Мне могут сказать: а не слишком ли мало разбора самих произведений Лермонтова? Что на это можно ответить? Я пишу не школьное пособие, и нет лучшего «разбора» произведений поэта, чем чтение его книг.

Следует помнить, что о Лермонтове написано много. Попутно написано немало и о его многочисленных друзьях и родственникахизвестных, полузабытых и вовсе не известных. О Лермонтове, я уверен, будут еще писать и писать. И, наверное, каждая новая книга будет иною, чем предыдущие. Было бы очень грустно, если бы они повторяли друг друга. Самое утешительное в этой ситуации то, что каждый может взять в руки перо, чистые листы бумаги и попытаться написать о поэте, сообразуясь со своим вкусом и познаниями. Все это пойдет в нашу общую литературную копилку.

Ночь у Красных ворот

В мире творилось что-то странное: в эту ночь над московским домом у Красных ворот позабыли зажечь звезду. И волхвы не искали сюда дороги. Может быть, потому, что в небе не оказалось путеводной звезды. Но скорее всего другое: вот уже восемнадцать веков тому, как мир не видел чудес и позабылись времена, когда «солнце останавливали словом, словом разрушали города».
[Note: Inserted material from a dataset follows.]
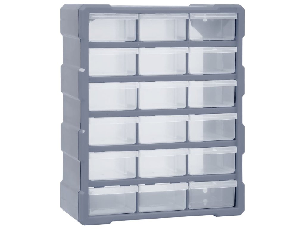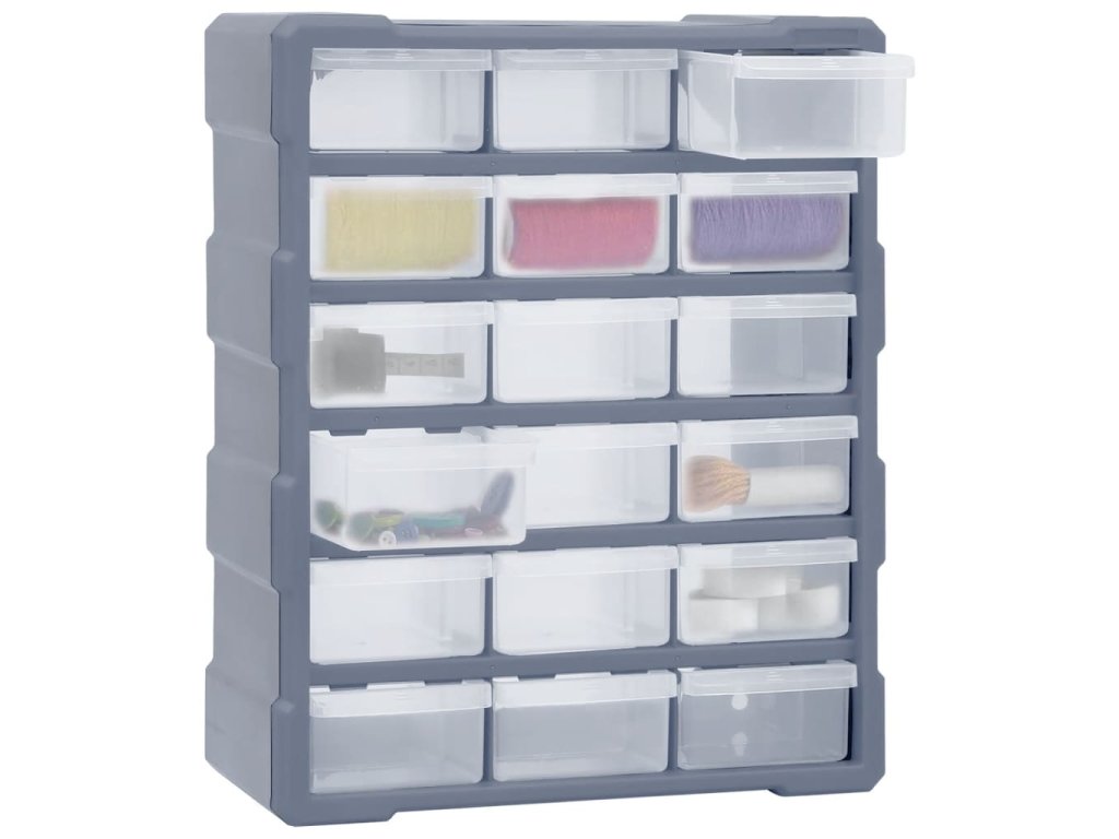 Tento nepostradatelný organizér obsahuje celkem 18 středně velkých zásuvek a je určený k přehlednému skladování celé řady věcí. Můžete ho použít i jako box na šití nebo na nehtovou kosmetiku.

Это странное явление станет ощутимей, когда сын человеческий – спустя двадцать семь без малого лет – почиет вечным сном на кавказской земле. Но и тогда не содрогнутся горы, и великое землетрясение не потревожит людей, и не разверзнутся могилы на горах и в долинах. И это несправедливо!

Но мир привык к несправедливости. С той самой поры, когда человек нашел в себе силы встать на ноги и гордо запрокинуть голову. Именно с той поры несправедливость, кажется, преследует его. Вполне возможно, что человек сам породил ее. Что она – его родное детище. Но все-таки следует отдать и должное человеку: он никогда не примирится с несправедливостью, и он ее первый, неумолимый враг. Ясно одно: наш мир далек от совершенства. С одной стороны, грустно произносить эти слова. Но с другой, – я уверен – этот непреложный факт направляет энергию рода человеческого на совершенствование жизни…


Итак, над Красными воротами не видно было библейской звезды. Зато почти всю ночь в самом доме горел свет и суетились люди. Спали только хозяева дома – семья генерал-майора Федора Толя, сдавшего несколько комнат отставному капитану Юрию Петровичу Лермонтову.

Поздней ночью доктор сообщил капитану, что родился мальчик.

– Душевно поздравляю, – произнес доктор без той особенной приподнятости, которая сама собою приходит с появлением здорового, ревущего во всю глотку ребенка. Мальчик был крохотный, и опытный глаз доктора мигом приметил болезненные формы рук и ног.

Очень плохо чувствовала себя мать. Роды вконец измучили ее.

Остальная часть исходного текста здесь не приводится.